-- Entries provided follows --
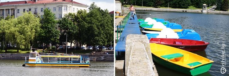 С другой стороны парка, которая ближе к гостинице «Виктория», можно взять катамаран, прогулочную лодку на 4 человека. В парке им. Купалы цены такие же, только там есть еще и 4-местный катамаран.
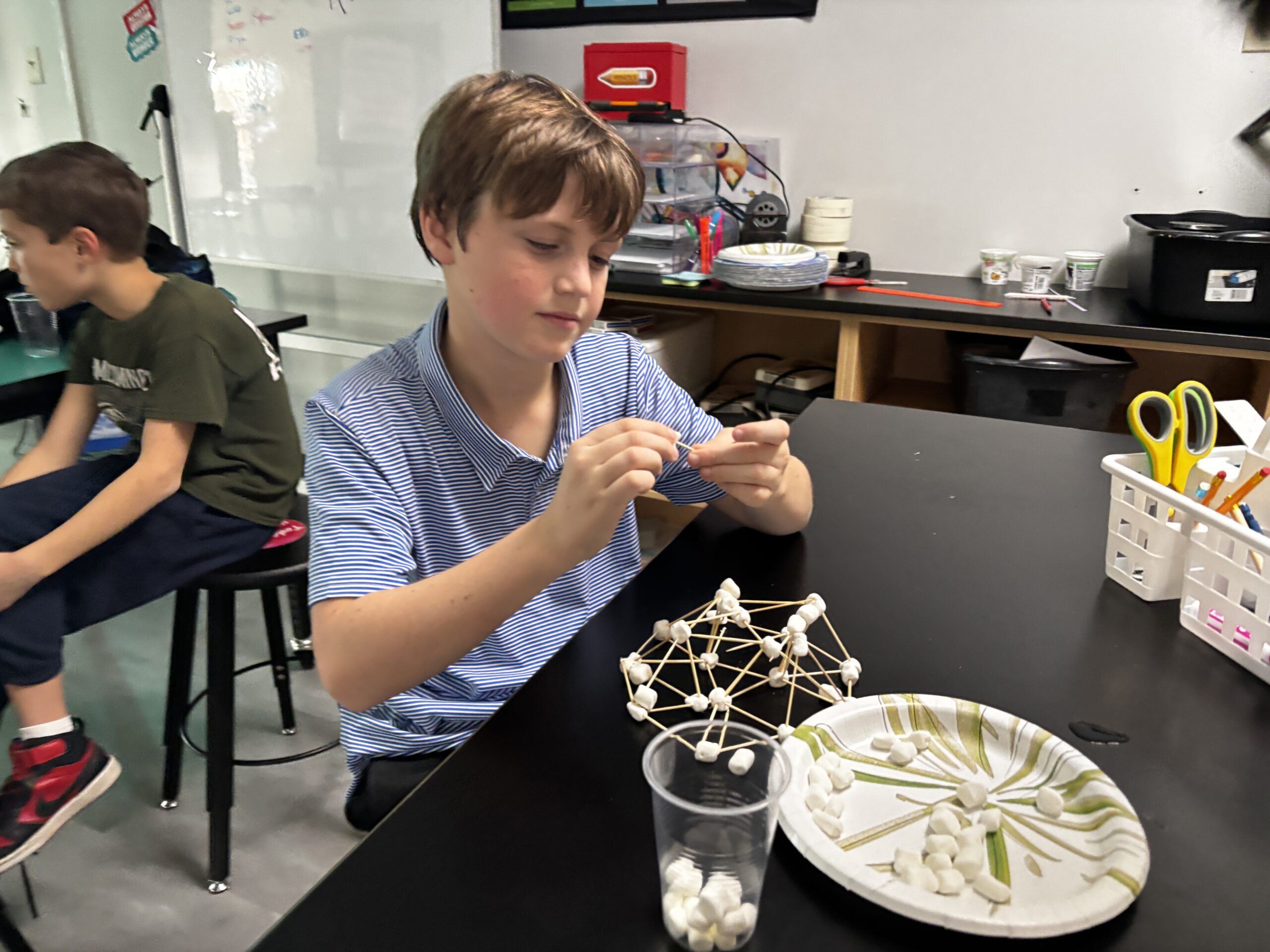 Another highly enjoyed activity was a tower challenge out of toothpicks and marshmallows. The goal was for a small team to build the tallest tower using these materials and still be able to support the weight of a full water bottle.
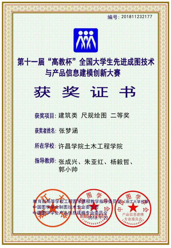 近日,第十一届“高教杯”全国大学生先进成图技术与产品信息建模创新大赛在南京工业大学落下帷幕。金沙官网土木工程学院张成兴、朱亚红等老师指导的2名学生参加了本次比赛,其中张梦涵同学在建筑类尺规绘图单项竞赛中获得二等奖的好成绩。
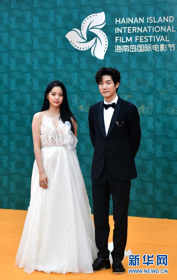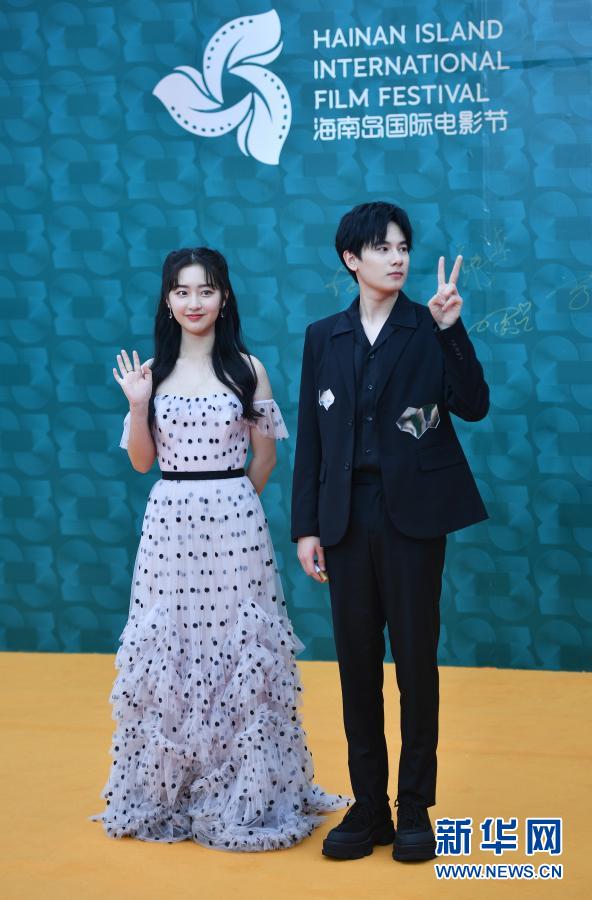 12月12日,演員鄧恩熙(左)、胡先煦亮相電影節紅毯儀式。新華社記者 郭程 攝
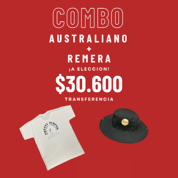 Llevate 1 Remera + 1 Sombrero Australiano por $35.000 abonando por transferencia o $41.180 en 3 cuotas sin interes
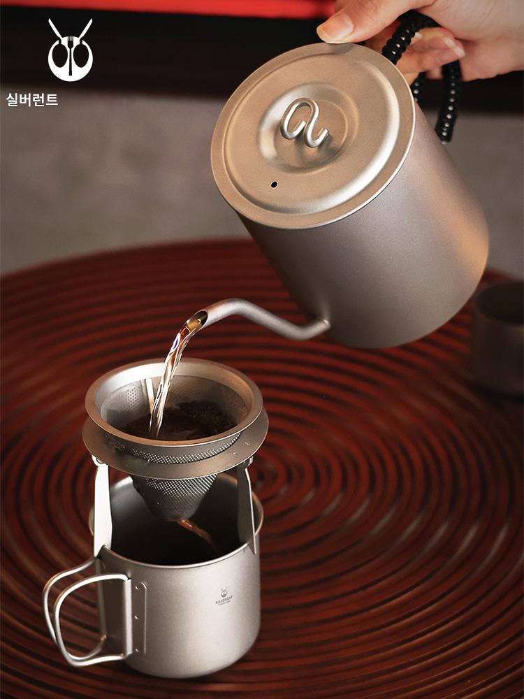 실버 앤트 퓨어 티타늄 커피 포트 컵 세트 야외 핸드 포어드 가정용 드립 필터 브라켓 롱 마우스 950ML
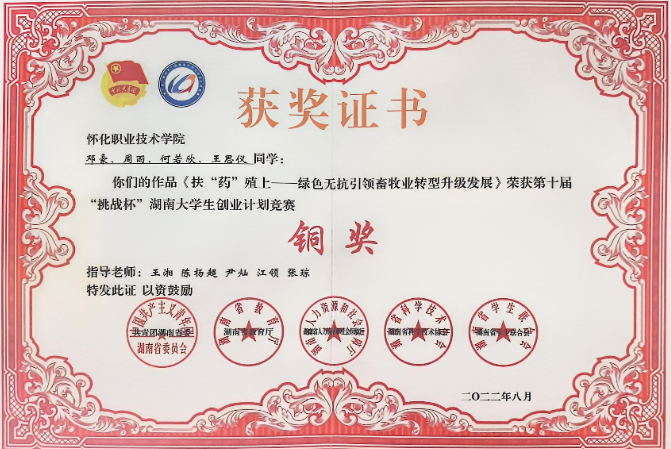2022年:依托武陵山区中药材资源,团队打造《扶“药”殖上》项目,探索“中草药+畜牧养殖”绿色循环模式,实现疫病防治与生态养殖协同发展,获湖南省“挑战杯”创业计划竞赛铜奖。
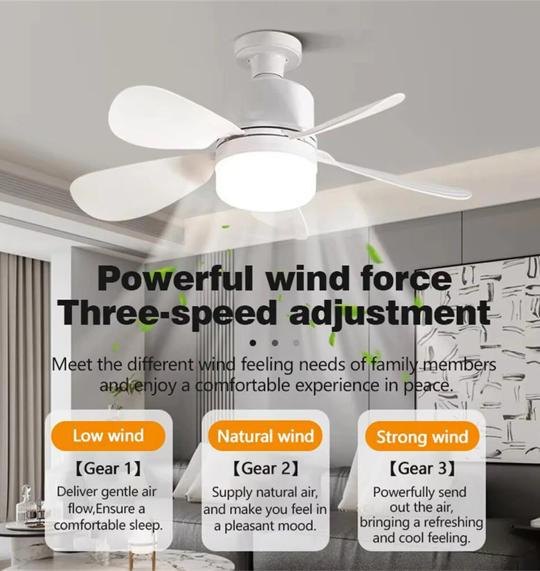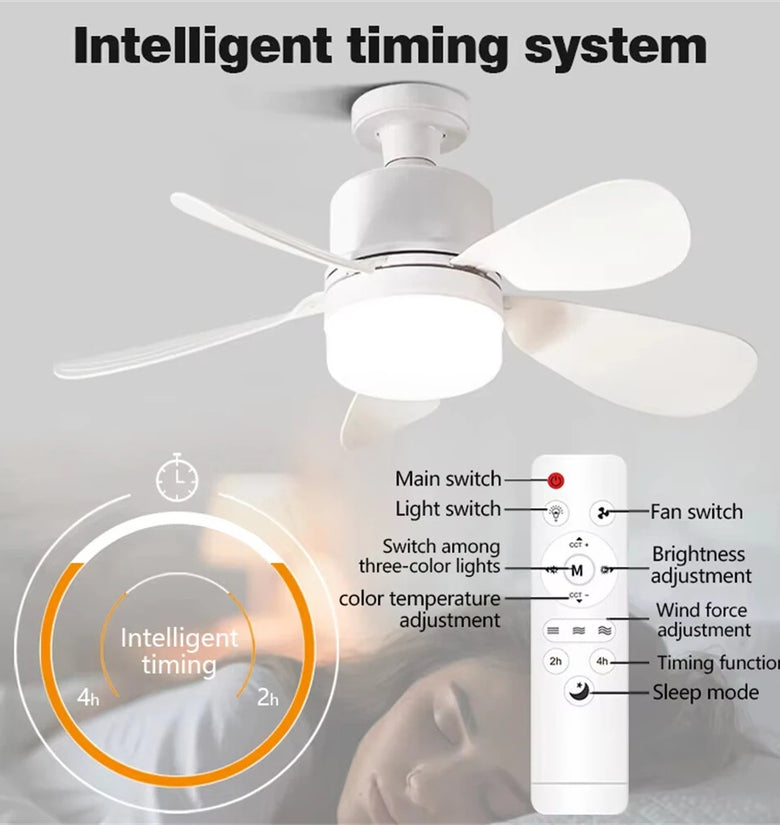 - Standard E27 Socket IntegrationInstalls like a regular bulb—no extra wiring or complex fixtures. Simply screw into any E27 ceiling lamp holder for instant fan-light combination. - Detachable, Strudy ABS BladesThe removable fan blades snap off easily for thorough cleaning. Made from resilient ABS plastic, they resist breakage and ensure long-term durability. - Remote-Controlled TimerBuilt-in 2-hour and 4-hour auto-off timer prevents overcooling overnight. Protect your family from chillsand reduce energy use with a simple remote button. - 3-Color Dimmable LED LightingSwitch between cool white, neutral, and warm white light to suit any mood or task. High-quality LED chips deliver bright, flicker-free illumination (FPF ≤ 0.5%) for eye comfort. - Powerful 3-Speed Silent FanChoose from three airflow settings to customize cooling. The whisper-quiet motor ensures a comfortablebreeze without disruptive noise, perfect for bedrooms, living rooms, and offices.
-- Entries provided concluded --
## Prompt
Would you copy the records word for word, without any of their pictures?

## Exercise output
 С другой стороны парка, которая ближе к гостинице «Виктория», можно взять катамаран, прогулочную лодку на 4 человека. В парке им. Купалы цены такие же, только там есть еще и 4-местный катамаран.
 Another highly enjoyed activity was a tower challenge out of toothpicks and marshmallows. The goal was for a small team to build the tallest tower using these materials and still be able to support the weight of a full water bottle.
 近日,第十一届“高教杯”全国大学生先进成图技术与产品信息建模创新大赛在南京工业大学落下帷幕。金沙官网土木工程学院张成兴、朱亚红等老师指导的2名学生参加了本次比赛,其中张梦涵同学在建筑类尺规绘图单项竞赛中获得二等奖的好成绩。
 12月12日,演員鄧恩熙(左)、胡先煦亮相電影節紅毯儀式。新華社記者 郭程 攝
 Llevate 1 Remera + 1 Sombrero Australiano por $35.000 abonando por transferencia o $41.180 en 3 cuotas sin interes
 실버 앤트 퓨어 티타늄 커피 포트 컵 세트 야외 핸드 포어드 가정용 드립 필터 브라켓 롱 마우스 950ML
2022年:依托武陵山区中药材资源,团队打造《扶“药”殖上》项目,探索“中草药+畜牧养殖”绿色循环模式,实现疫病防治与生态养殖协同发展,获湖南省“挑战杯”创业计划竞赛铜奖。
 - Standard E27 Socket IntegrationInstalls like a regular bulb—no extra wiring or complex fixtures. Simply screw into any E27 ceiling lamp holder for instant fan-light combination. - Detachable, Strudy ABS BladesThe removable fan blades snap off easily for thorough cleaning. Made from resilient ABS plastic, they resist breakage and ensure long-term durability. - Remote-Controlled TimerBuilt-in 2-hour and 4-hour auto-off timer prevents overcooling overnight. Protect your family from chillsand reduce energy use with a simple remote button. - 3-Color Dimmable LED LightingSwitch between cool white, neutral, and warm white light to suit any mood or task. High-quality LED chips deliver bright, flicker-free illumination (FPF ≤ 0.5%) for eye comfort. - Powerful 3-Speed Silent FanChoose from three airflow settings to customize cooling. The whisper-quiet motor ensures a comfortablebreeze without disruptive noise, perfect for bedrooms, living rooms, and offices.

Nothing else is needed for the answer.